There are algorithms for choosing a minimal sequence of changes to obtain a globally least-cost correction.
Given an incorrect input string x and grammar G, these algorithms will find a parse tree for a related string y, such that the number of insertions, deletions, and changes of tokens required to transform x into y is as small as possible.
Unfortunately, these methods are in general too costly to implement in terms of time and space, so these techniques are currently only of theoretical interest.
Do note that a closest correct program may not be what the programmer had in mind. Nevertheless, the notion of least-cost correction provides a yardstick for evaluating error-recovery techniques, and has been used for finding optimal replacement strings for phrase-level recovery.
A context-free grammar (grammar for short) consists of terminals, nonterminals, a start symbol, and productions.
- Terminals are the basic symbols from which strings are formed.
- The term "token name" is a synonym for "terminal" and frequently we will use the word "token" for terminal when it is clear that we are talking about just the token name.
- We assume that the terminals are the first components of the tokens output by the lexical analyzer.
- In (4.4) , the terminals are the keywords if and else and the symbols "(" and ")".
- Nonterminals are syntactic variables that denote sets of strings.
- In (4.4), stmt and expr are nonterminals.
- The sets of strings denoted by nonterminals help define the language generated by the grammar.
- Nonterminals impose a hierarchical structure on the language that is key to syntax analysis and translation.
- In a grammar, one nonterminal is distinguished as the start symbol,
- and the set of strings it denotes is the language generated by the grammar.
- Conventionally, the productions for the start symbol are listed first.

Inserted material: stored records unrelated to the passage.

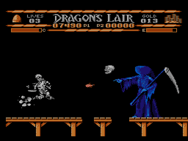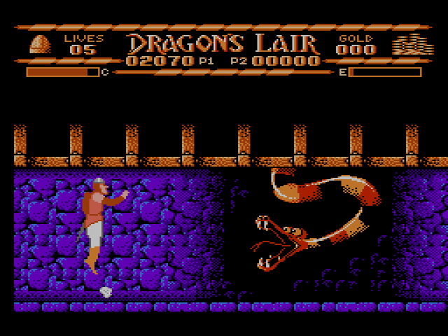 Kommen wir nun zur Steuerung. Anscheinend Elite-typisch wird die Standard-Steuerung der Mehrheit der NES-Titel (A = Springen, B = Angriff) ignoriert und umgedreht, ist aber im Prinzip nicht weiter schlimm. Wesentlich ärgerlicher ist dagegen, dass die Ausführung der befehligten Aktion erst nach einer Verzögerung durchgeführt wird, was in den zwar sehr detaillierten, aber auch zeitlich in die Länge gezogenen Animationen begründet liegt. So braucht es ein unheimlich gutes Timing, um den gegnerischen Attacken rechzeitig auszuweichen - liegt ihr einen Sekundenbruchteil daneben, bedeutet dies in jedem Fall den sicheren Tod. Ja genau, den Tod, denn Dirk kann - abgesehen von einigen kleineren Widersachern, die an der Energieleiste zerren - nicht mal einen Treffer einstecken, ohne sich gleich in einen Haufen Knochen aufzulösen. Kommt noch hinzu, dass die Feinde oftmals erst sehr spät zum Vorschein kommen. Gepaart mit der verzögerten Steuerung und der körperlichen Schwäche Dirks unheimlich frustrierend.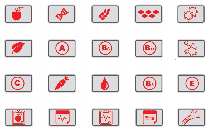 Приложение AiFresh отображает содержание питательных веществ в [г] потребляемых продуктов: включая калории, белки, жиры, углеводы, клетчатку, витамины, каротин и т. д. В всего 24 различных питательных вещества.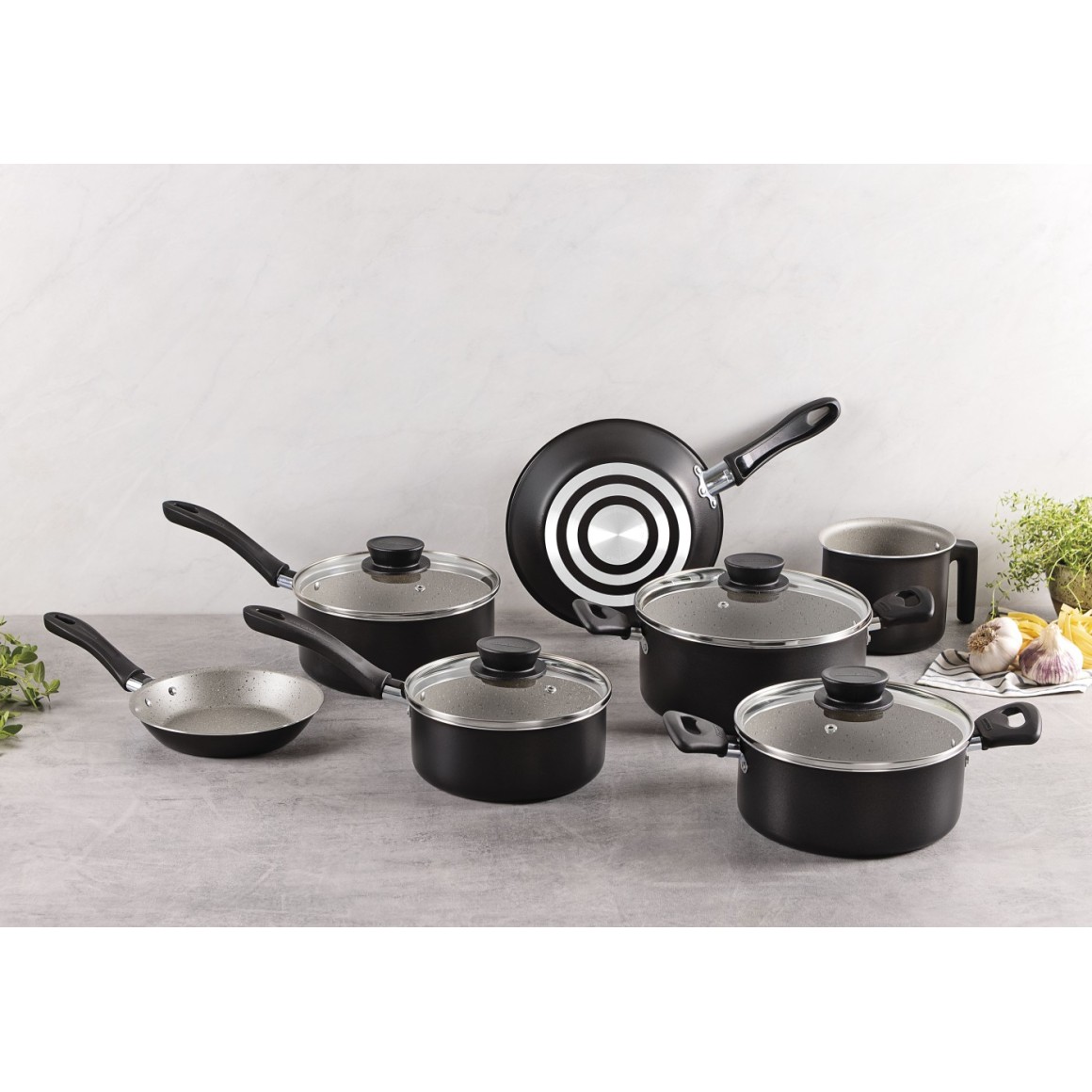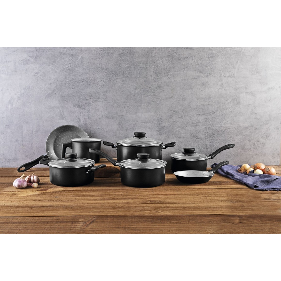Frigideiras, caçarolas e panelas com corpo de alumínio com espessura de 1,2 mm que proporciona cozimento rápido e uniforme. Fervedor com corpo de alumínio com espessura de 1,4 mm. Revestimento interno e externo de antiaderente Starflon Max que não gruda, é fácil de limpar, mais durável e não é prejudicial à saúde, pois é livre de PFOA. Tampas de vidro temperado com bordas de aço inox. Cabos, alças de baquelite antitérmico e pegadores de nylon que oferecem segurança durante o manuseio. Podem ir à máquina de lavar louças facilitando seu dia a dia. Pode ser utilizada nos fogões: gás, elétrico e vitrocerâmico - resistência elétrica.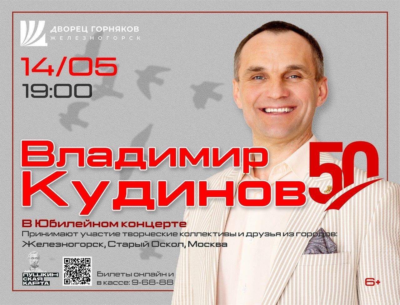 50Долгожданный концерт Владимира Кудинова – любимого артиста железногорской публики, пройдет 14 мая в Юбилейный день его рождения.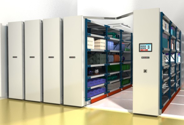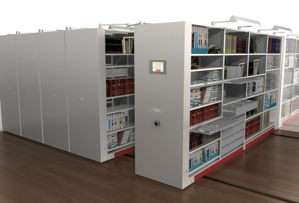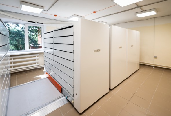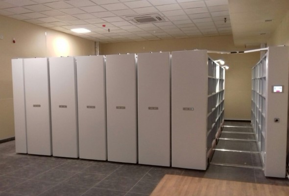 Применение мобильных стеллажей с электронным управлением позволяет не только увеличить в 2 раза вместимость хранимого, но и повысить эффективность работы с документами.

- The productions of a grammar specify the manner in which the terminals and nonterminals can be combined to form strings. Each production consists of:
- (a) A nonterminal called the head or left side of the production; this production defines some of the strings denoted by the head.
- (b) The symbol →. Sometimes ::= has been used in place of the arrow.
- (c) A body or right side consisting of zero or more terminals and nonterminals. The components of the body describe one way in which strings of the nonterminal at the head can be constructed.
Example 4.5 : The grammar in Fig. 4.2 defines simple arithmetic expressions. In this grammar, the terminal symbols are
id + - * / ( )
The nonterminal symbols are expression, term and factor, and expression is the start symbol
expression → expression + term
expression → expression - term
expression → term
term → term * factor
term → term / factor
term → factor
factor → ( expression )
factor → id
Figure 4.2: Grammar for simple arithmetic expressions
To avoid always having to state that "these are the terminals," "these are the nonterminals," and so on, the following notational conventions for grammars will be used throughout the remainder of this book.
- These symbols are terminals:
- Lowercase letters early in the alphabet, such as a, b, c.
- Operator symbols such as +, *, and so on.
- Punctuation symbols such as parentheses, comma, and so on.
- The digits 0,1, ... ,9.
- Boldface strings such as id or if, each of which represents a single terminal symbol.
- These symbols are nonterminals:
- Uppercase letters early in the alphabet, such as A, B, C.
- The letter S, which, when it appears, is usually the start symbol.
- Lowercase, italic names such as expr or stmt.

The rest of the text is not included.